Information shown -
--------------------------------------------------
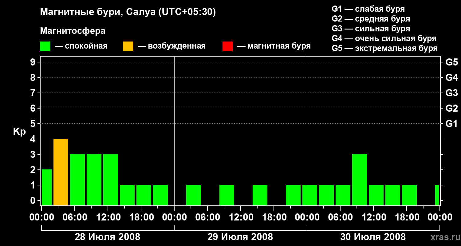 Изменения геомагнитного индекса Kp с 28 по 30 июля 2008 года для средних широт
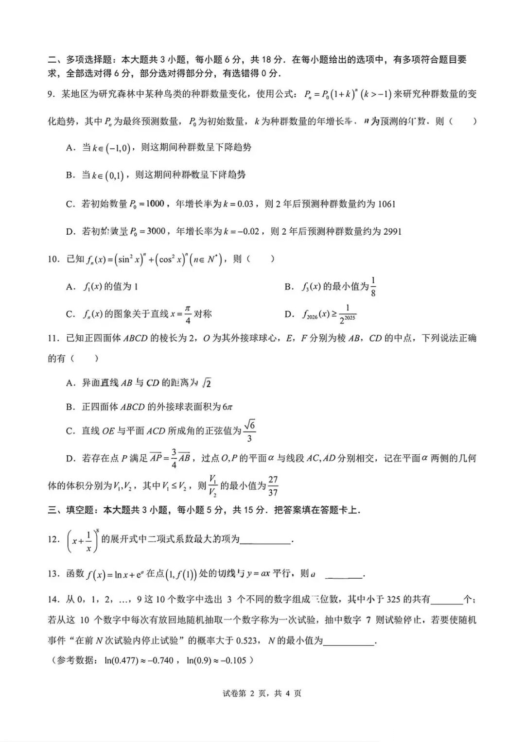 【超清无水印】:高三,【全科】四川成都市第七中学2026届高三下学期开学考
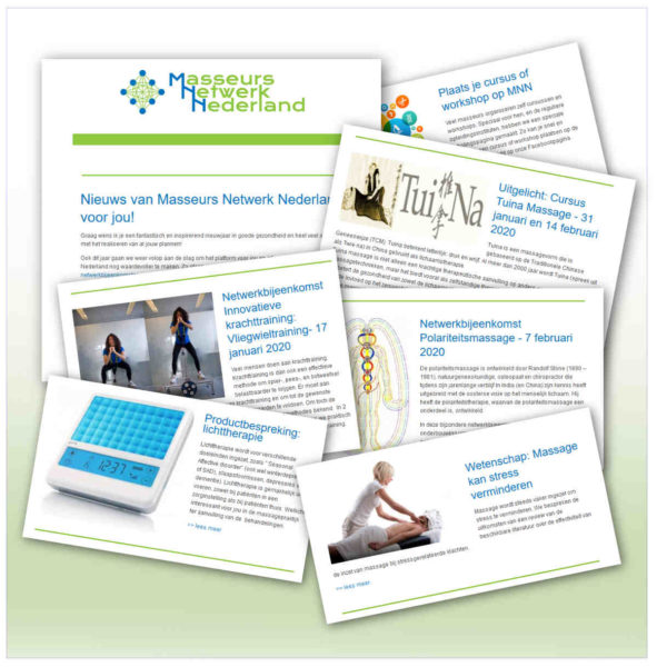 De nieuwsbrief van Masseurs Netwerk Nederland is ons belangrijkste communicatiemiddel. We sturen je regelmatig updates over evenementen, interessante artikelen rond het brede vakgebied massage, informatie over opleiding, aanbiedingen, nieuwe producten voor masseurs en meer. We bestoken je niet met reclame en je persoonsgegevens slaan we veilig op en zullen we nooit doorgeven aan derden.
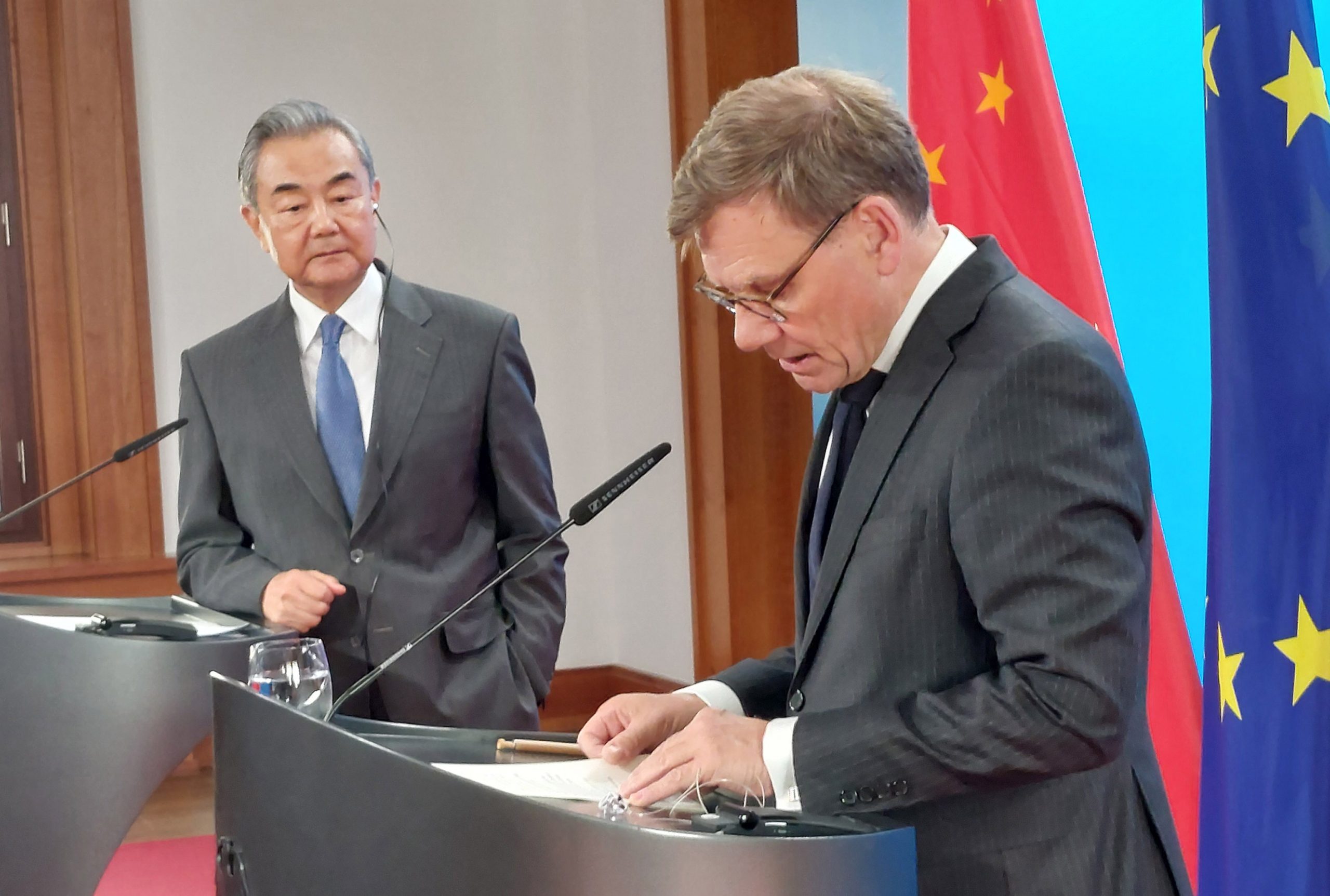 Er betonte, dass Peking eine Deeskalation und ein Ende des russisch-ukrainischen Krieges anstrebe, dabei aber unabhängig von allen Parteien bleibe, die im russisch-chinesischen Krieg Öl ins Feuer gießen. Der chinesische Außenminister verkündete, dass Peking bestrebt sei, seine Beziehungen zu Berlin insbesondere in den Bereichen Wirtschaft, Sicherheit und Strategie sowie Wissenschaft zu stärken. Er betonte die Bereitschaft Pekings, konstruktiv zusammenzuarbeiten, um Frieden in der Welt, insbesondere im Nahen Osten und in Afrika, zu erreichen, und bezeichnete die Afrikaner als Opfer der Gier des europäischen Kolonialismus.
--------------------------------------------------
Everything in the material goes into the copy exactly, except the images.

 Изменения геомагнитного индекса Kp с 28 по 30 июля 2008 года для средних широт
 【超清无水印】:高三,【全科】四川成都市第七中学2026届高三下学期开学考
 De nieuwsbrief van Masseurs Netwerk Nederland is ons belangrijkste communicatiemiddel. We sturen je regelmatig updates over evenementen, interessante artikelen rond het brede vakgebied massage, informatie over opleiding, aanbiedingen, nieuwe producten voor masseurs en meer. We bestoken je niet met reclame en je persoonsgegevens slaan we veilig op en zullen we nooit doorgeven aan derden.
 Er betonte, dass Peking eine Deeskalation und ein Ende des russisch-ukrainischen Krieges anstrebe, dabei aber unabhängig von allen Parteien bleibe, die im russisch-chinesischen Krieg Öl ins Feuer gießen. Der chinesische Außenminister verkündete, dass Peking bestrebt sei, seine Beziehungen zu Berlin insbesondere in den Bereichen Wirtschaft, Sicherheit und Strategie sowie Wissenschaft zu stärken. Er betonte die Bereitschaft Pekings, konstruktiv zusammenzuarbeiten, um Frieden in der Welt, insbesondere im Nahen Osten und in Afrika, zu erreichen, und bezeichnete die Afrikaner als Opfer der Gier des europäischen Kolonialismus.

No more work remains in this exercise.